◆ EXERCISE REQUIREMENTS: Leave the pictures out and reproduce all the entries word for word.

◆ TASK DATA:
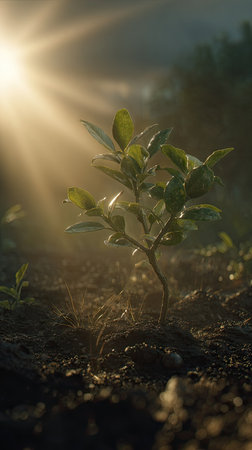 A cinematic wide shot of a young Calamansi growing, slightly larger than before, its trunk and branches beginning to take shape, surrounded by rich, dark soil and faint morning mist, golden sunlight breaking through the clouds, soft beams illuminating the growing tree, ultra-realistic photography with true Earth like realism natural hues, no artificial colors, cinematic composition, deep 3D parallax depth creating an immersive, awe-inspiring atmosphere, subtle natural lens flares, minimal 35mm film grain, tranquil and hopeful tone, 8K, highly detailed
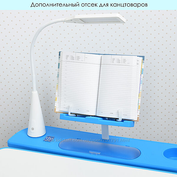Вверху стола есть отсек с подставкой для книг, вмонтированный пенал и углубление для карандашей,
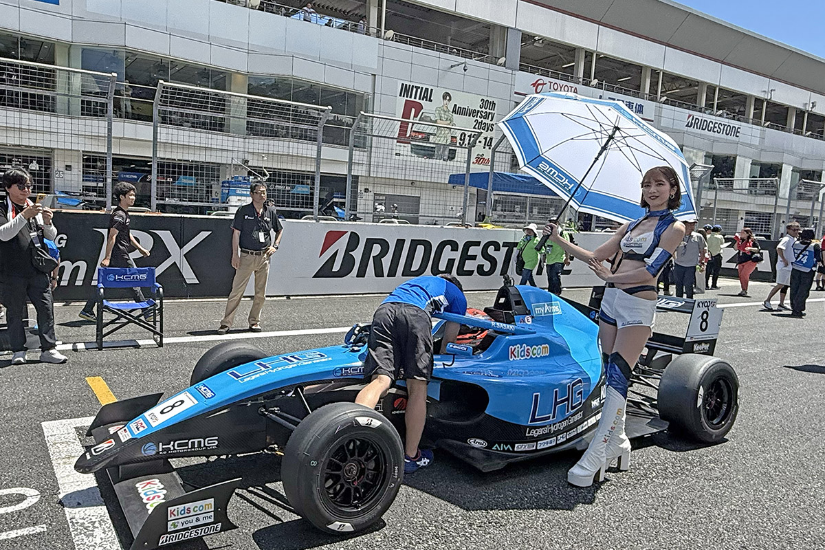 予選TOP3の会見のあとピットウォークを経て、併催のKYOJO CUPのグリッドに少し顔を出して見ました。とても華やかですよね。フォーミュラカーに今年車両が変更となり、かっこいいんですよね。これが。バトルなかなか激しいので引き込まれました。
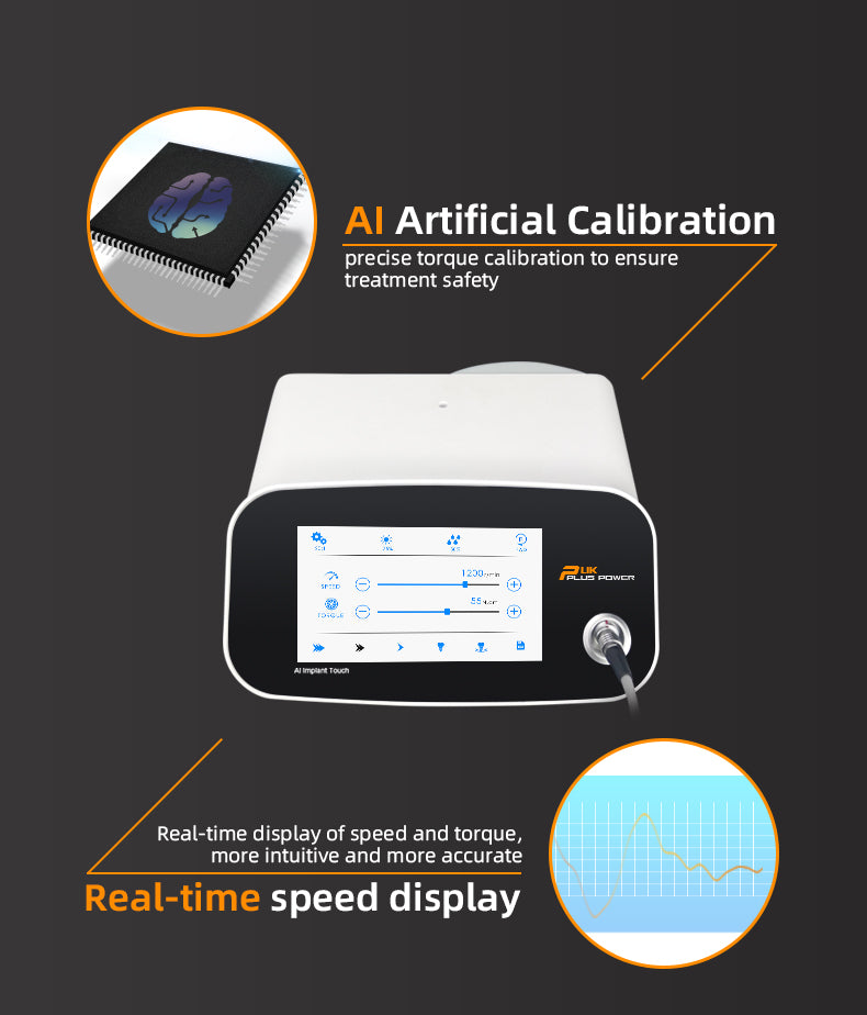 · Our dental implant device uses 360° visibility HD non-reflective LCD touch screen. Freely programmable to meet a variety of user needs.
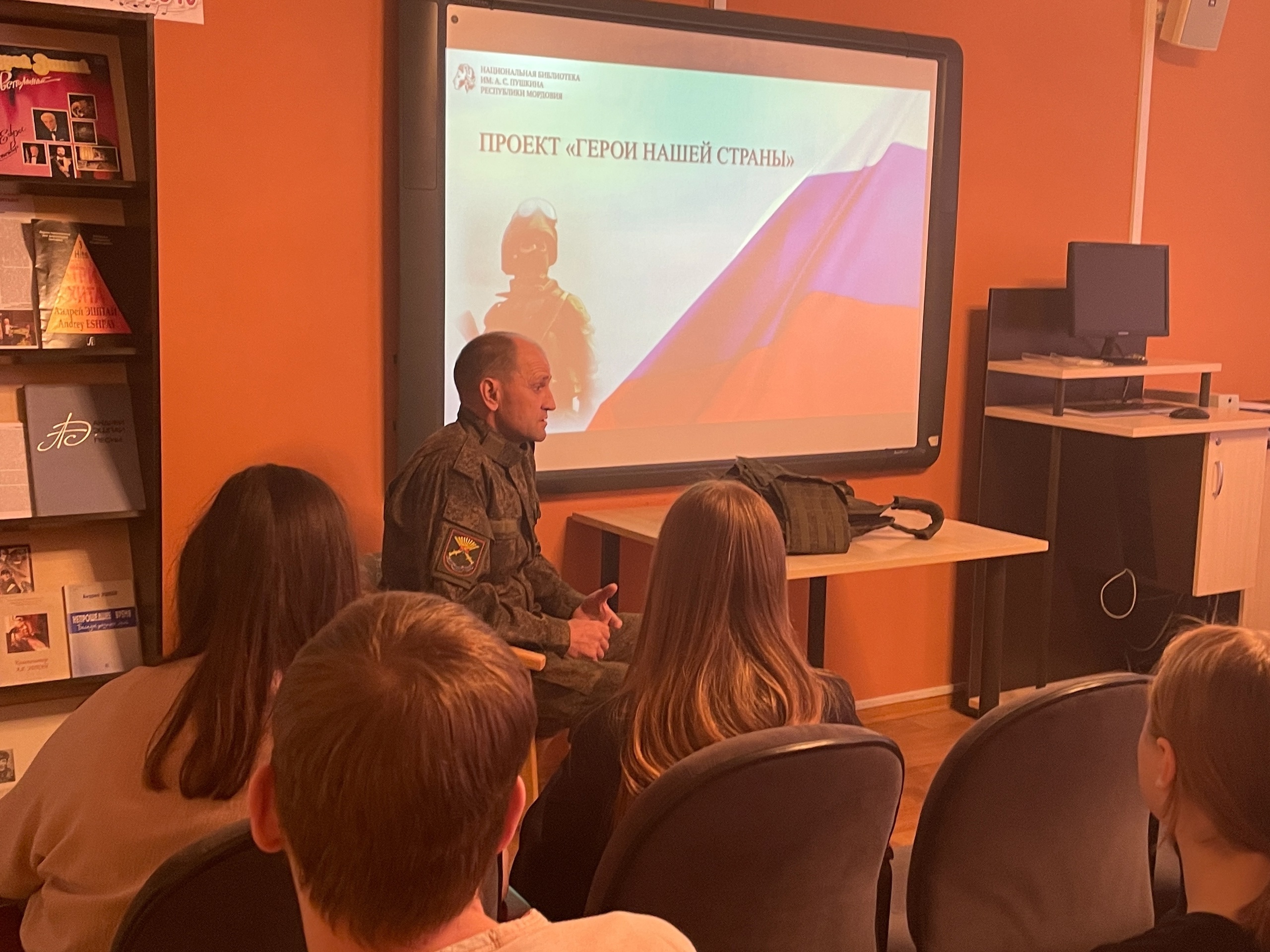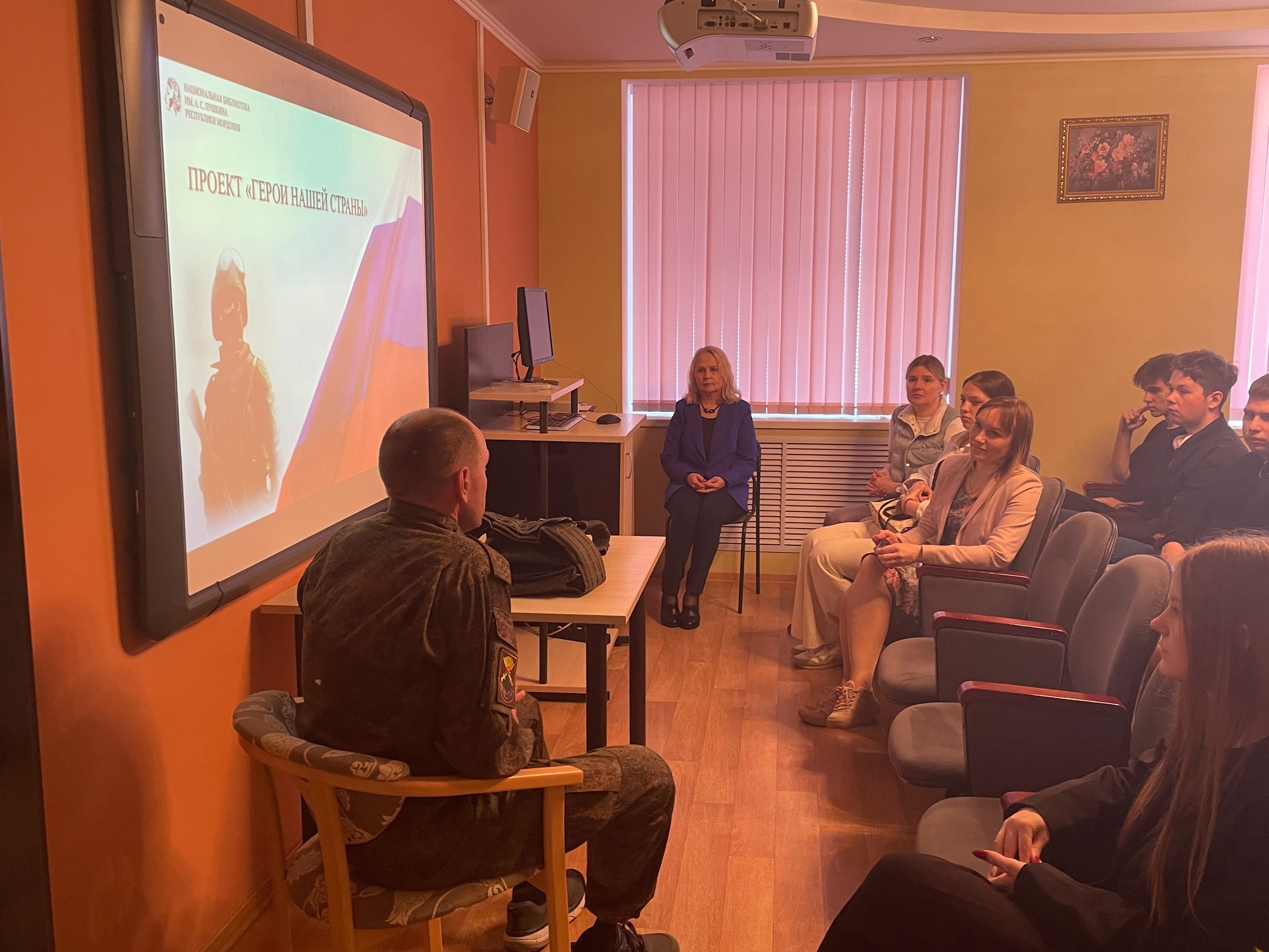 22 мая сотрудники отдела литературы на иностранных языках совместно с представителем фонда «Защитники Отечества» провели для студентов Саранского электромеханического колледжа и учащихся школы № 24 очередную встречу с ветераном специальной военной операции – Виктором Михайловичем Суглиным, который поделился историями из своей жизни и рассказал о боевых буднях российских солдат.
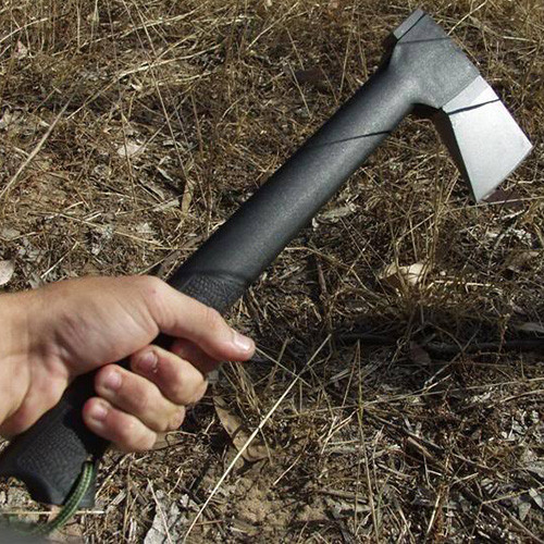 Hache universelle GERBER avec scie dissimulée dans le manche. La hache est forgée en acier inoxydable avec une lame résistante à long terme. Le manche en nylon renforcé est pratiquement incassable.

◆ RESPONSE:
 A cinematic wide shot of a young Calamansi growing, slightly larger than before, its trunk and branches beginning to take shape, surrounded by rich, dark soil and faint morning mist, golden sunlight breaking through the clouds, soft beams illuminating the growing tree, ultra-realistic photography with true Earth like realism natural hues, no artificial colors, cinematic composition, deep 3D parallax depth creating an immersive, awe-inspiring atmosphere, subtle natural lens flares, minimal 35mm film grain, tranquil and hopeful tone, 8K, highly detailed
Вверху стола есть отсек с подставкой для книг, вмонтированный пенал и углубление для карандашей,
 予選TOP3の会見のあとピットウォークを経て、併催のKYOJO CUPのグリッドに少し顔を出して見ました。とても華やかですよね。フォーミュラカーに今年車両が変更となり、かっこいいんですよね。これが。バトルなかなか激しいので引き込まれました。
 · Our dental implant device uses 360° visibility HD non-reflective LCD touch screen. Freely programmable to meet a variety of user needs.
 22 мая сотрудники отдела литературы на иностранных языках совместно с представителем фонда «Защитники Отечества» провели для студентов Саранского электромеханического колледжа и учащихся школы № 24 очередную встречу с ветераном специальной военной операции – Виктором Михайловичем Суглиным, который поделился историями из своей жизни и рассказал о боевых буднях российских солдат.
 Hache universelle GERBER avec scie dissimulée dans le manche. La hache est forgée en acier inoxydable avec une lame résistante à long terme. Le manche en nylon renforcé est pratiquement incassable.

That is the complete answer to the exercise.